神と悪魔の申し子
サタナトス、ケイダン、ティ・ゼーウスの3人の少年の前に姿を現わした、牛頭の巨人。
大将軍が纏(まと)っていた、五芒星のデザインされた黄金の鎧を身に着け、頭部には2本の角の生えた黄金の兜を被っていた。
「こりゃあ、本当にあのミノ・ダウルス大将軍なのか!?」
アッシュブロンドの少年が、気圧されながらも、ハート・ブレイカーを身構える。
「違うよ、ティ・ゼーウス。コイツは、大魔王ミノ・ダウルスさ」
金髪の少年は、言った。
「確かに人間の状態に比べ、身体も倍以上は大きくなっているぞ」
ケイダンも、師匠譲りの幻影剣・バクウ・ブラナティスを具現化させる。
「コイツは……味方なのか?」
ティ・ゼーウスは、牛頭の巨人に近づいた。
『ムオオオォォォーーーーーッ!!』
他を威圧する咆哮(ほうこう)と共に、大魔王ミノ・ダウルスは戦斧を振り上げる。
「残念だが、まだ完全に魔王となったワケじゃないみたいだ。
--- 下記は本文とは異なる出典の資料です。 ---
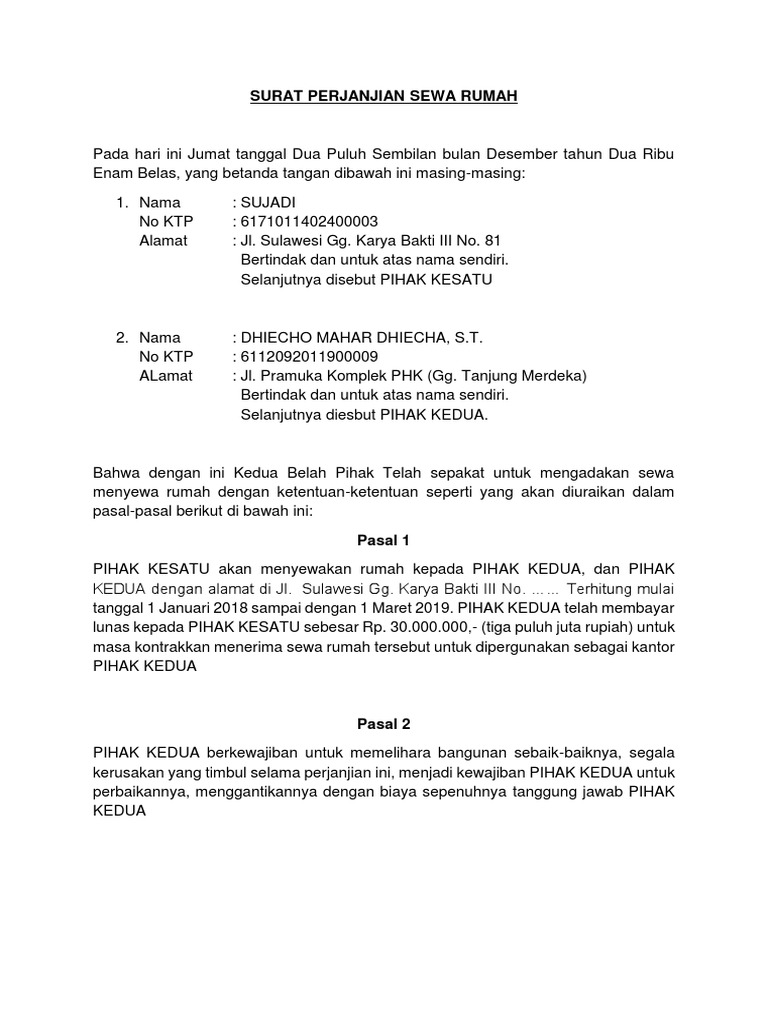 Contoh Surat Perjanjian Sewa Rumah Kontrakan Pdf Doc Lamudi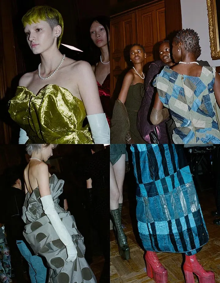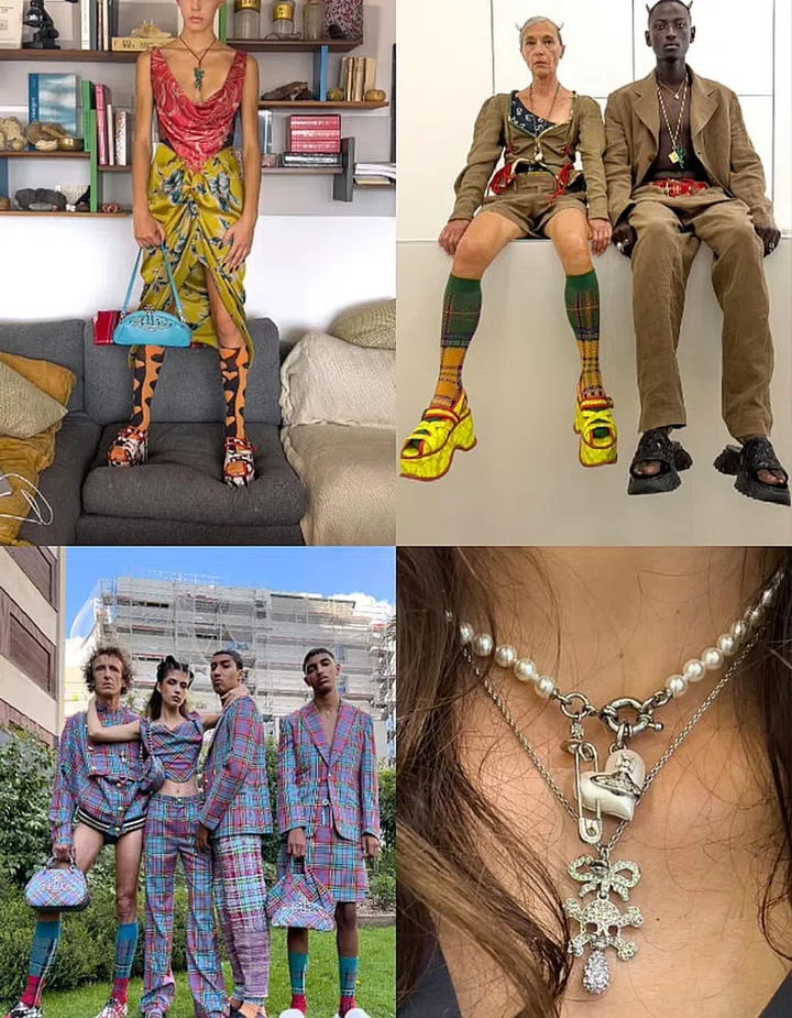 Meanwhile, accessories have been distilled down to the essentials. On the runway, models wore a single strand of pearls – a look that Jacobs himself favours, but can also be seen as a nod to the very necklace that shot Westwood into Gen Z consciousness. The footwear of choice: Jacobs’ staple Kiki platform boots inspired by the vertiginous shoes Naomi Campbell famously took a tumble in when walking Westwood’s Fall Winter 1993 show.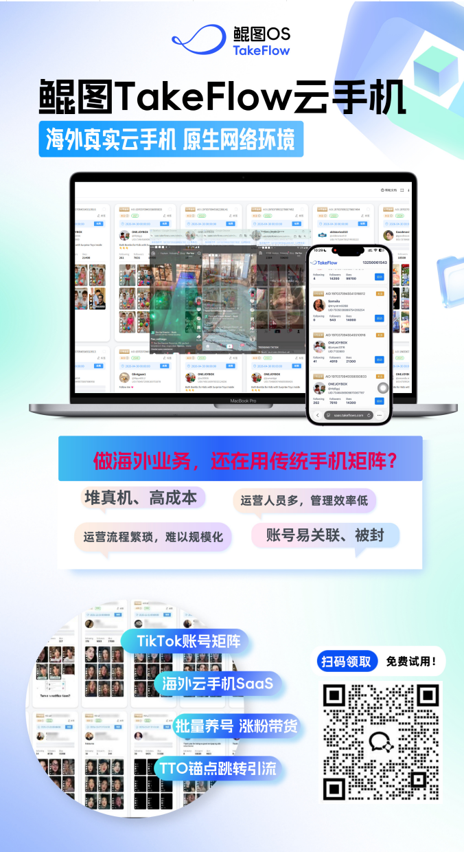 鲲图TakeFlow 是一款专为跨境电商和出海企业打造的“海外云手机SaaS营销系统”。3分钟即可极速开通具备原生海外环境的真实手机环境,免前置网络直连海外机房。系统支持高质量 TikTok 账号矩阵的隔离运营、一键批量发布、AI智能养号以及视频锚点极速引流站外。助力企业硬性成本降低 80%、人力成本下降 70%,让出海获取全球社媒流量变得极其简单高效。

彼の身体に流れる神の血が、魔王になるのを阻(はば)んでいるんだろうね」
牡牛のような黒い毛波みと化した皮膚に、元々角のある兜から伸びた、立派な2本の角。
牛頭の大魔王は、前身の筋肉を躍動させ、アッシュブロンドの少年を襲った。
「それを、先に言えっての!」
ハート・ブレイカーの臓物を、地下闘技場の崩落を免(まぬが)れた天井に貼り付かせて難を逃れる、ティ・ゼーウス。
「だがこちらを、完全に敵として認識してはいないようだな?」
「マジか。確かに、追撃はして来ねェが……」
臓物を解除し、ケイダンの後ろに降り立つティ・ゼーウス。
「彼は今、戦っているのさ。彼の中にある、魔族の魂と神の魂がね」
サタナトスは、魔晶剣・プート・サタナティスを具現化させた。
「ボクの剣は、どうやら完全には、キミを魔王にするコトは出来ないみたいだ」
金髪の少年の背中から、天使の白い翼と魔族の黒い翼が現れる。
「でも……キミの人間であった心だけは、完全に魔族にさせられる!」
金髪の少年は、6枚の翼を以って宙に舞い、大魔王ミノ・ダウルスに向け突進した。
『ブオオオォォォーーーーーッ!!』
大魔王は、苦しみながらも戦斧を振り回す。
けれども、サタナトスのアメジスト色の剣が、大魔王の牛頭の眉間(みけん)に突き刺さった。
「……や、やったか!?」
「イヤ、ヤツの攻撃はまだ終わっていない」
ケイダンが、バクウ・ブラナティスで時空を斬り裂く。
「な、なんだと。またアイツが、星砕きの攻撃を喰らったら、今度こそ身体が……!?」
振り回された星砕き(アステリオス)が、サタナトスの身体を粉砕しようとした瞬間、空間が裂け中からケイダンが現れた。
間一髪で、金髪の少年を時空の裂け目へと引き吊りずり込む。
次の瞬間、星砕きは闘技場の壁や床を粉砕し、完全に消し去った。
「グワァッ! やはり星砕きは、普通の戦斧なんかじゃねェ。壁や床が、消えちまってやがる!」
ティ・ゼーウスは、ハート・ブレイカーを使って難を逃れる。
大魔王ミノ・ダウルスは、闘技場を破壊しつつ、苦しみながら暴れまわった。
その巨体が真っ白に輝き、やがて小さく収束する。
「こ、これが……サタナトスの剣の、真の能力だと?」
光が収束した場所へと近づく、ティ・ゼーウス。
彼の目の前には、真っ白な肌の男がうずくまっていた。
「その通りさ。そして今、新たな大魔王が誕生したんだ」
サタナトスとケイダンが、ティ・ゼーウスの背後から現れる。
「コイツは、お前の部下になったのか?」
「さあね。目覚めてみないコトには、解らないよ」
瓦礫だらけの床に伏せった、男を見守る3人の少年。
やがて男は起き上がり、少年たちに蒼い目を向ける。
「目覚めたみたいだね。キミは、誰だい?」
金髪の少年は、天使のような笑みを見せた。
「オレは、ミノ・ダウルス。神と悪魔の、申し子よ」
男は均整の取れた美しい肉体を持ち、頭の横から2本の角が伸びていた。